La lenta rotazione dell’asteroide stava per mostrare loro il grande cratere in cui avrebbero dovuto far arrivare il razzo. Kevin tentò un’ultima volta di azionare il meccanismo indispensabile per il lancio.
«Non c’è niente da fare, Greg. I meteoriti l’hanno danneggiato. Non c’è niente da fare», ripeté in tono sconsolato.
«Due minuti alla finestra.»
Ormai il cratere era davanti a loro.
Kevin cominciò a ripetere le procedure d’emergenza ad alta voce, mentre le sue mani si muovevano esperte tra i comandi.
«Procedura di eiezione capsula iniziata. Contatti inseriti, sicure rimosse…»
Bender seguì con espressione impassibile i movimenti rapidi e precisi delle dita di Kevin sui comandi. Capì che le procedure di espulsione della capsula erano terminate quando vide il colonnello togliere le tre antiche statuette d’oro dal cruscotto e infilarle nella piccola borsa che si era già agganciato alla vita.
Pochi attimi più tardi il cono di roccia sembrò inghiottire la navicella imbottita di cinquecentotrenta chilogrammi di esplosivo nucleare. Tutto avvenne nella frazione di pochi secondi. Un immenso bagliore illuminò i silenzi dello spazio.
Alla base di Houston un liberatorio urlo di gioia salutò la deviazione dell’asteroide. Presi da un’emozione irrefrenabile, i tecnici si abbandonarono a scomposte manifestazioni di entusiasmo, del tutto estranee alle loro abitudini di compassata imperturbabilità. Chi si abbracciava, chi rideva istericamente, chi batteva le mani, chi gettava in aria il berretto di ordinanza.

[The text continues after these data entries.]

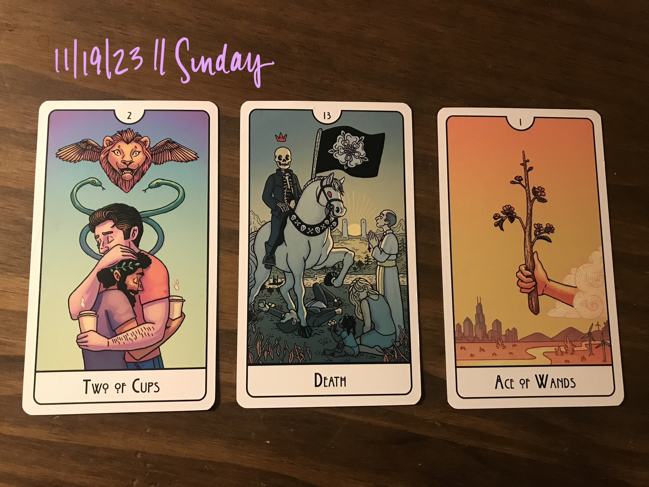 I used a different deck today, the This Might Hurt tarot deck by artist Isabella Rotman. I shuffled with my usual deck, the Lightseer, for a long time before finally getting the hint that it didn’t want to speak. I was drawn to This Might Hurt because I love the bright colors and clear illustrations, and Rotman’s careful attention to the symbolism found in tarot brings a real clarity. I hope you enjoy the artistry of these cards as much as I do.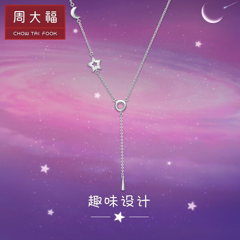 周大福 星月相伴 925银项链吊坠 AB39111 40cm
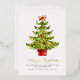 Elegant Watercolor Christmas Tree Gold Script Foil Holiday Card

Per qualche istante tutti trascurarono il fatto che dallo spazio non arrivava più nessun segnale umano.
Dopo i pochi attimi di follia collettiva, recuperata la calma in un silenzio di tomba, i presenti presero atto con espressioni di cupo imbarazzo che la salvezza della Terra era costata il sacrificio di altri due eroi.

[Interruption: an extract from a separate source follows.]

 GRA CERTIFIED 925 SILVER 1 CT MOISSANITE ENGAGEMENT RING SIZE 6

Gli strumenti, intanto, continuavano implacabili a ticchettare e lampeggiare le loro informazioni.
Lima. Perù. Primavera 1623.
Se fosse avvenuto soltanto alcuni mesi prima, il matrimonio di Maria Antonia Llobet sarebbe sicuramente stato celebrato con ben diverso sfarzo e sfoggio di ricchezza. I notabili della città non riuscivano a capacitarsi dell’improvviso stato di scarse disponibilità in cui sembrava essere precipitato uno degli uomini più ricchi delle Americhe.

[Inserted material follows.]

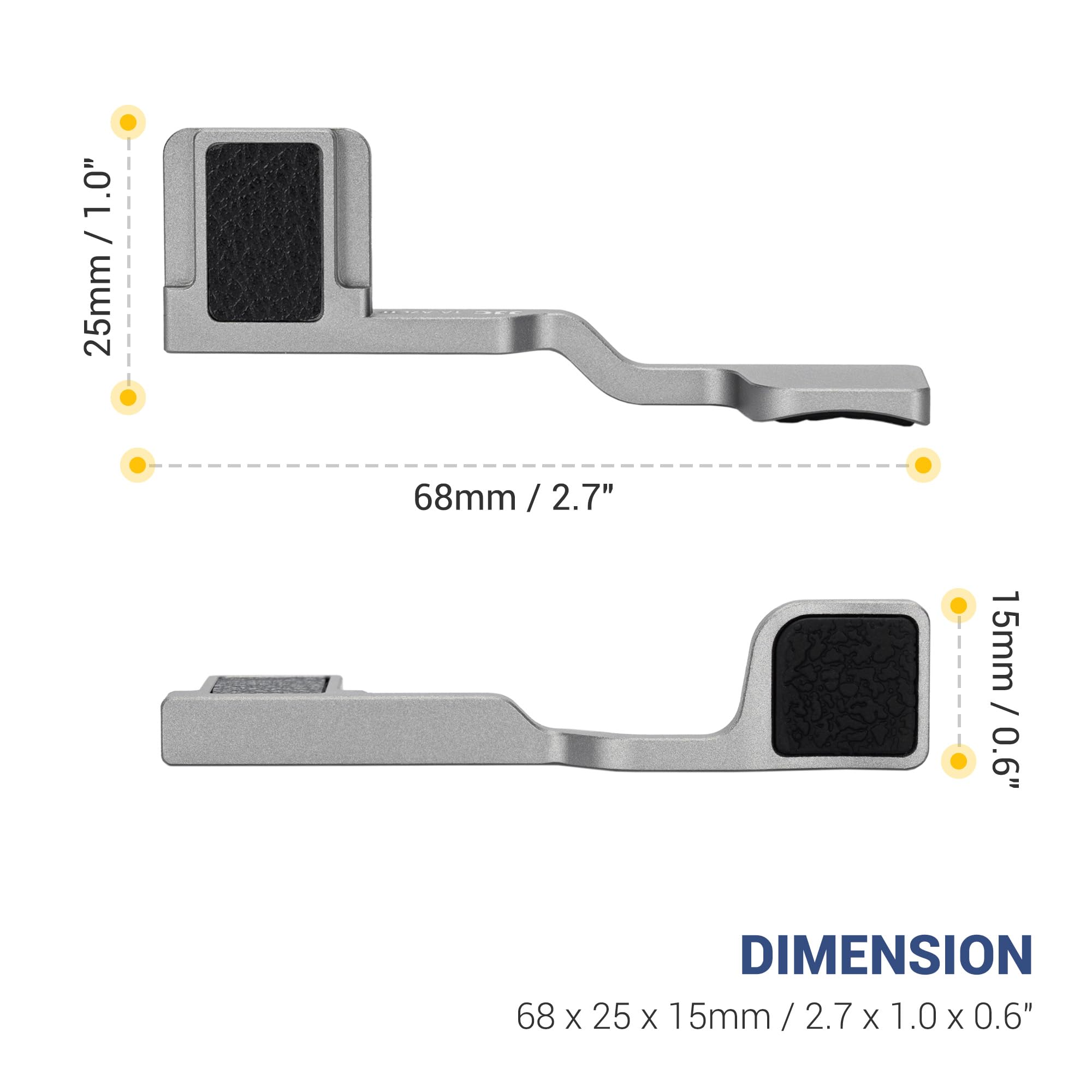 Made of aluminium alloy, it is sturdy and durable. The upgraded design of the microfibre leather top surface enhances the texture of the camera. The under-surface of the grip hot shoe part features a slim silicone pad that enhances a more stable snuggle fit into the hot shoe. And the silicone sleeve thumb grip area provides a more stable grip.

Ma, purtroppo, per ripianare l’esposizione verso la Banca Centrale di Spagna, Llobet era stato costretto a vendere gran parte dei suoi possedimenti. Ormai era un benestante come tanti altri, lontanissimo da ciò che era stato un tempo. Ma una nuova ricchezza aveva illuminato la sua vita: quella di una serena felicità.
Vasted uscì raggiante dalla chiesa, in alta uniforme di ufficiale dell’Armada. Felice, si concesse alle congratulazioni dei presenti abbracciando la bellissima sposa. La tremenda avventura che avevano vissuto non aveva lasciato segni nelle loro giovani menti. Aveva, caso mai, arricchito e cementato i loro sentimenti. Adesso li aspettava la vita.